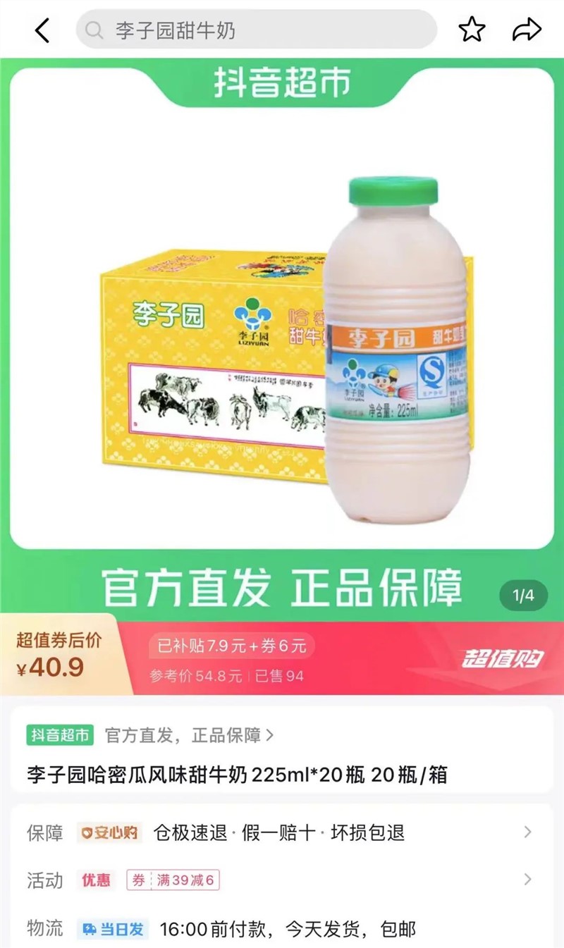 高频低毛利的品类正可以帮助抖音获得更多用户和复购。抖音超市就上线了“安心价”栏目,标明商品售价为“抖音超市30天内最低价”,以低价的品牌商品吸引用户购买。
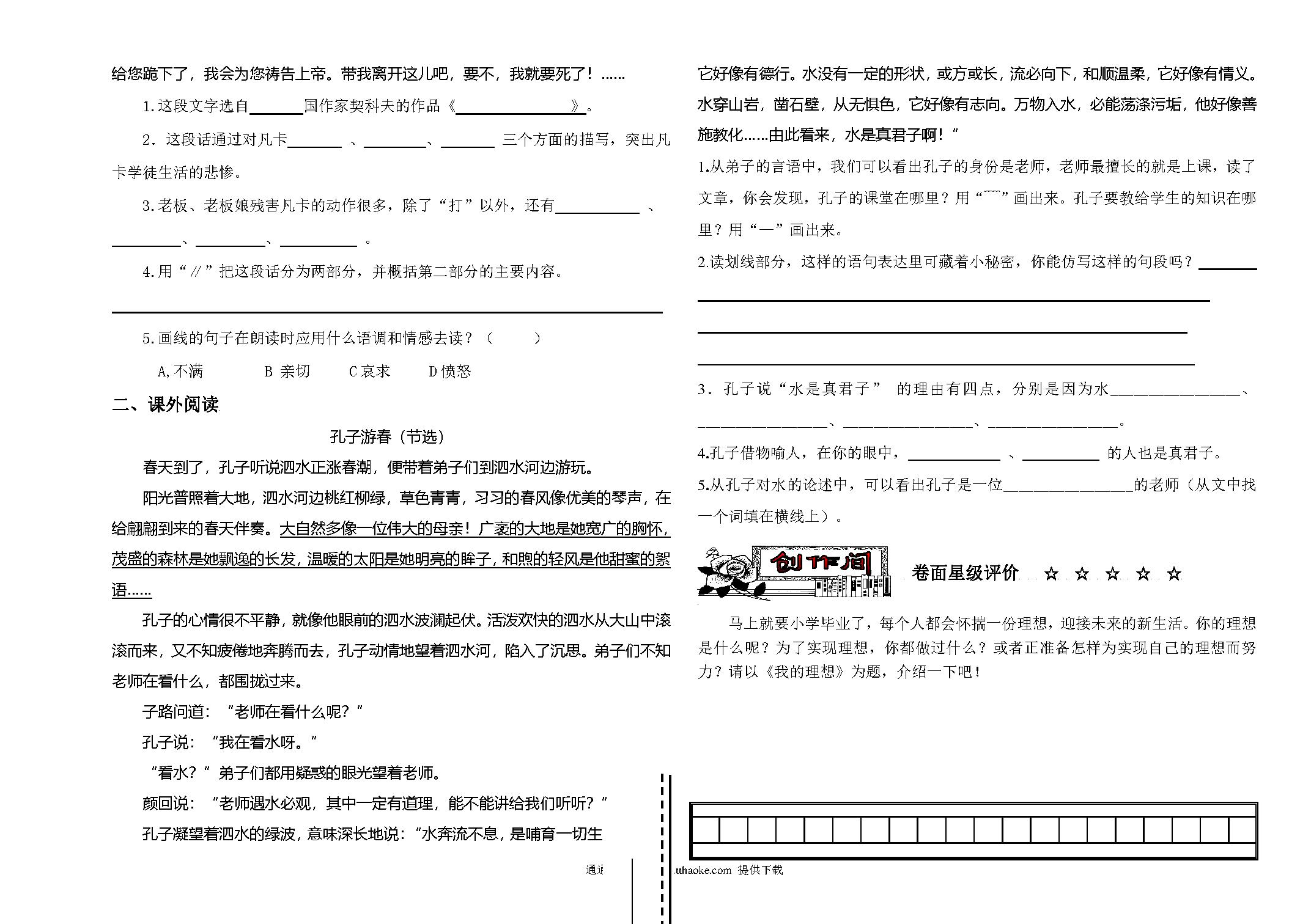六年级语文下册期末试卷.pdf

********

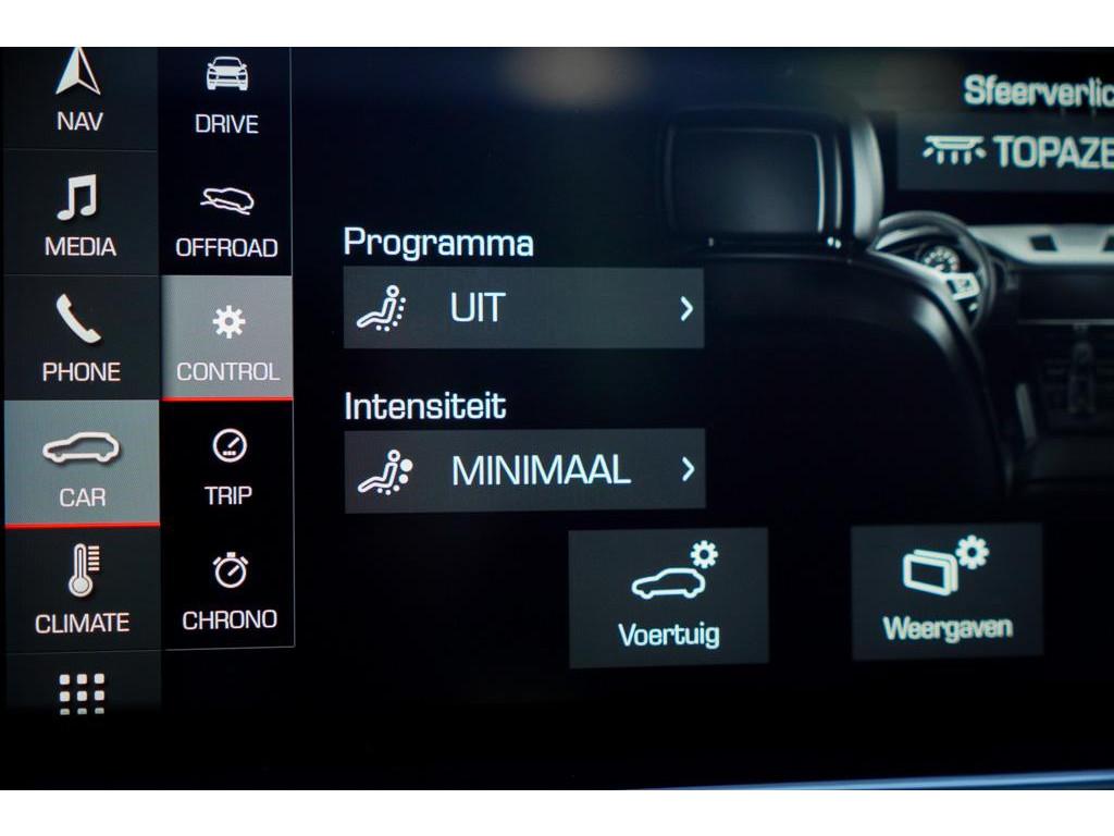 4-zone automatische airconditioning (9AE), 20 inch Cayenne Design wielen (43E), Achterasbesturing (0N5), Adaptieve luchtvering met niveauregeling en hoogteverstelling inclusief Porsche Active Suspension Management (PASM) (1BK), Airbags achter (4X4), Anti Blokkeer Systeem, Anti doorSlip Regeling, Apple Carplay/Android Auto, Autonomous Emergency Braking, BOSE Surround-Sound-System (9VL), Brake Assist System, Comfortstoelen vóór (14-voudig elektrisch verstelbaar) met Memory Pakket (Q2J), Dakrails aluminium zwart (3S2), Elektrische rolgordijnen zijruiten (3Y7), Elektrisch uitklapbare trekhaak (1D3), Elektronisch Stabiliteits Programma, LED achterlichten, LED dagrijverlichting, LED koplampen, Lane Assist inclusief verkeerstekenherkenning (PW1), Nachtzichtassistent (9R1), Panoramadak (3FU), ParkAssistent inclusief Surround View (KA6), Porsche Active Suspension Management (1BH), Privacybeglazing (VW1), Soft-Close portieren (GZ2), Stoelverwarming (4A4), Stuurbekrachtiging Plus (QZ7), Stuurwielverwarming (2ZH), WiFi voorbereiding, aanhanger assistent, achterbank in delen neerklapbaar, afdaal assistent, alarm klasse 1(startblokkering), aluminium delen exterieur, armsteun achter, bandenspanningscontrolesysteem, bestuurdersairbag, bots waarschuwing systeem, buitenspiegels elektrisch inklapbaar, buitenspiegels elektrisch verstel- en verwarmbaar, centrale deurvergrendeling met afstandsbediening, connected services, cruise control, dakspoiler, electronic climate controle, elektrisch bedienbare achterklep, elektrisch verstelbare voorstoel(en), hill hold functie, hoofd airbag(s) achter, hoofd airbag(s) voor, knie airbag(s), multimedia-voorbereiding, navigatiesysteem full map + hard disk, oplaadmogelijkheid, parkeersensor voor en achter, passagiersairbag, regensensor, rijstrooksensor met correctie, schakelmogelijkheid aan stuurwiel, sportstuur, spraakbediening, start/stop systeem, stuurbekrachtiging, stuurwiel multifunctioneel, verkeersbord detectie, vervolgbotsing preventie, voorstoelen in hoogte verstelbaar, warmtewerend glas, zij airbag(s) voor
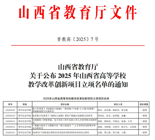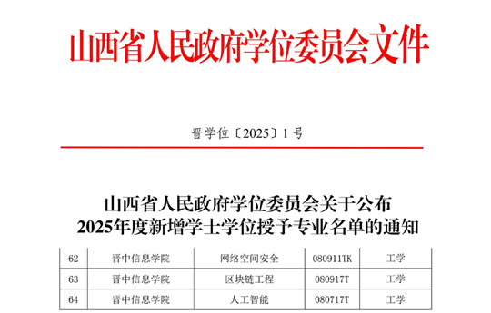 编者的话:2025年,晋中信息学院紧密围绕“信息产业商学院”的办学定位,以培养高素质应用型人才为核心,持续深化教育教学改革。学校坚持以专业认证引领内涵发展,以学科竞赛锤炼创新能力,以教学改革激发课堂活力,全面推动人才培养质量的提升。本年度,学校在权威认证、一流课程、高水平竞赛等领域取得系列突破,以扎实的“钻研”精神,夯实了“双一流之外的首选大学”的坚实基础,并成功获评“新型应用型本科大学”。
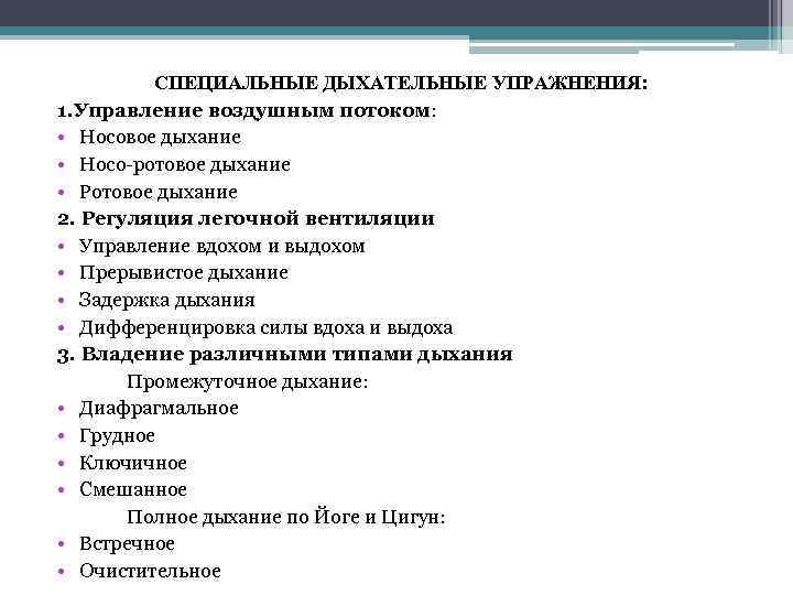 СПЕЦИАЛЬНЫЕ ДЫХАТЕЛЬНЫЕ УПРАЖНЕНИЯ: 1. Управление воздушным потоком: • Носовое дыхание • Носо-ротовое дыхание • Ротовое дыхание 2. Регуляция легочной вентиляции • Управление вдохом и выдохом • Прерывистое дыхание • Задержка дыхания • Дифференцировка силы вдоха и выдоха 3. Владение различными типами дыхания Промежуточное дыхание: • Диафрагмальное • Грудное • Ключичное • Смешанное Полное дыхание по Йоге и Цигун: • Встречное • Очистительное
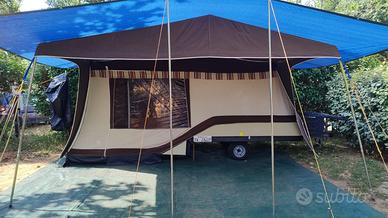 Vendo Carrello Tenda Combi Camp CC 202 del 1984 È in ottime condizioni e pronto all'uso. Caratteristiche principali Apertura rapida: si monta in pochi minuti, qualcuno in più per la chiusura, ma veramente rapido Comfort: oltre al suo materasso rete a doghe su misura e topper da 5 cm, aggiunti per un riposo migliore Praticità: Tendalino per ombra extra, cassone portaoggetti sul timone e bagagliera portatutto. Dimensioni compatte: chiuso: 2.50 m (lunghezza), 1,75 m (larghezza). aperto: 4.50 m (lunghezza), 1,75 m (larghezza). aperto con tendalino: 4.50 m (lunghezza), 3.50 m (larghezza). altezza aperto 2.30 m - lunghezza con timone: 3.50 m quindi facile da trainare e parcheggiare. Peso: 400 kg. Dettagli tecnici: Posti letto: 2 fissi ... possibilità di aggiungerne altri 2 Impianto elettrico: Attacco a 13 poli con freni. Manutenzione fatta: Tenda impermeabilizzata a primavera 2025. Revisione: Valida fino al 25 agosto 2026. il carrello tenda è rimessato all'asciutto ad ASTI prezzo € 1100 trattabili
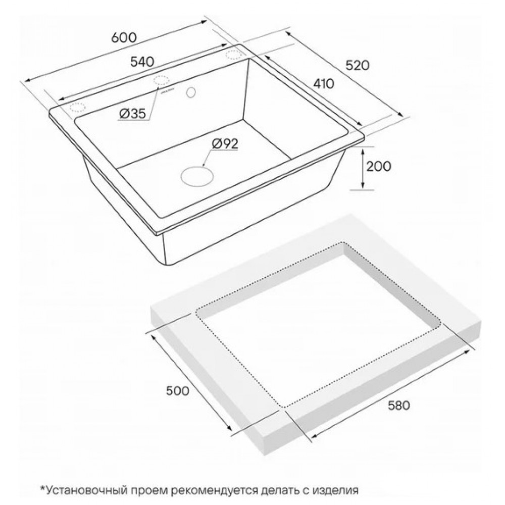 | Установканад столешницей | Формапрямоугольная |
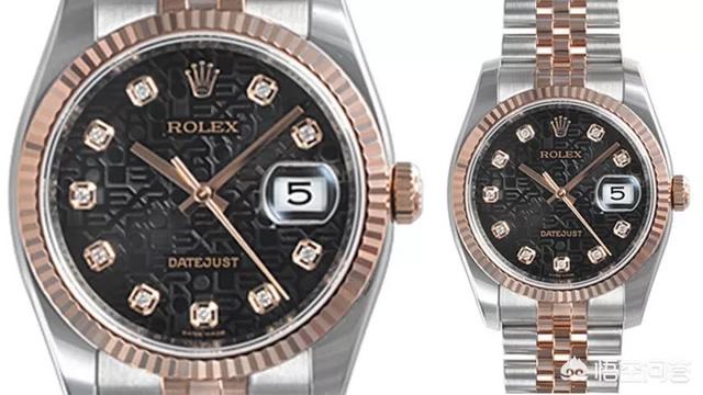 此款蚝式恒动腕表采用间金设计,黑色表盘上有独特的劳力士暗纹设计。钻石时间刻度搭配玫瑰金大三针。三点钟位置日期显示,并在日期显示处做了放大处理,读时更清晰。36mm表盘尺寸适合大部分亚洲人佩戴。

********

WHAT YOU NEED TO DO – Above are some entries; copy exactly the lines from the line with "4-zone automatische airconditioning" through the line with "编者的话:2025年,晋中信", both included, but none of the pictures.

EXERCISE OUTPUT –
 4-zone automatische airconditioning (9AE), 20 inch Cayenne Design wielen (43E), Achterasbesturing (0N5), Adaptieve luchtvering met niveauregeling en hoogteverstelling inclusief Porsche Active Suspension Management (PASM) (1BK), Airbags achter (4X4), Anti Blokkeer Systeem, Anti doorSlip Regeling, Apple Carplay/Android Auto, Autonomous Emergency Braking, BOSE Surround-Sound-System (9VL), Brake Assist System, Comfortstoelen vóór (14-voudig elektrisch verstelbaar) met Memory Pakket (Q2J), Dakrails aluminium zwart (3S2), Elektrische rolgordijnen zijruiten (3Y7), Elektrisch uitklapbare trekhaak (1D3), Elektronisch Stabiliteits Programma, LED achterlichten, LED dagrijverlichting, LED koplampen, Lane Assist inclusief verkeerstekenherkenning (PW1), Nachtzichtassistent (9R1), Panoramadak (3FU), ParkAssistent inclusief Surround View (KA6), Porsche Active Suspension Management (1BH), Privacybeglazing (VW1), Soft-Close portieren (GZ2), Stoelverwarming (4A4), Stuurbekrachtiging Plus (QZ7), Stuurwielverwarming (2ZH), WiFi voorbereiding, aanhanger assistent, achterbank in delen neerklapbaar, afdaal assistent, alarm klasse 1(startblokkering), aluminium delen exterieur, armsteun achter, bandenspanningscontrolesysteem, bestuurdersairbag, bots waarschuwing systeem, buitenspiegels elektrisch inklapbaar, buitenspiegels elektrisch verstel- en verwarmbaar, centrale deurvergrendeling met afstandsbediening, connected services, cruise control, dakspoiler, electronic climate controle, elektrisch bedienbare achterklep, elektrisch verstelbare voorstoel(en), hill hold functie, hoofd airbag(s) achter, hoofd airbag(s) voor, knie airbag(s), multimedia-voorbereiding, navigatiesysteem full map + hard disk, oplaadmogelijkheid, parkeersensor voor en achter, passagiersairbag, regensensor, rijstrooksensor met correctie, schakelmogelijkheid aan stuurwiel, sportstuur, spraakbediening, start/stop systeem, stuurbekrachtiging, stuurwiel multifunctioneel, verkeersbord detectie, vervolgbotsing preventie, voorstoelen in hoogte verstelbaar, warmtewerend glas, zij airbag(s) voor
 编者的话:2025年,晋中信息学院紧密围绕“信息产业商学院”的办学定位,以培养高素质应用型人才为核心,持续深化教育教学改革。学校坚持以专业认证引领内涵发展,以学科竞赛锤炼创新能力,以教学改革激发课堂活力,全面推动人才培养质量的提升。本年度,学校在权威认证、一流课程、高水平竞赛等领域取得系列突破,以扎实的“钻研”精神,夯实了“双一流之外的首选大学”的坚实基础,并成功获评“新型应用型本科大学”。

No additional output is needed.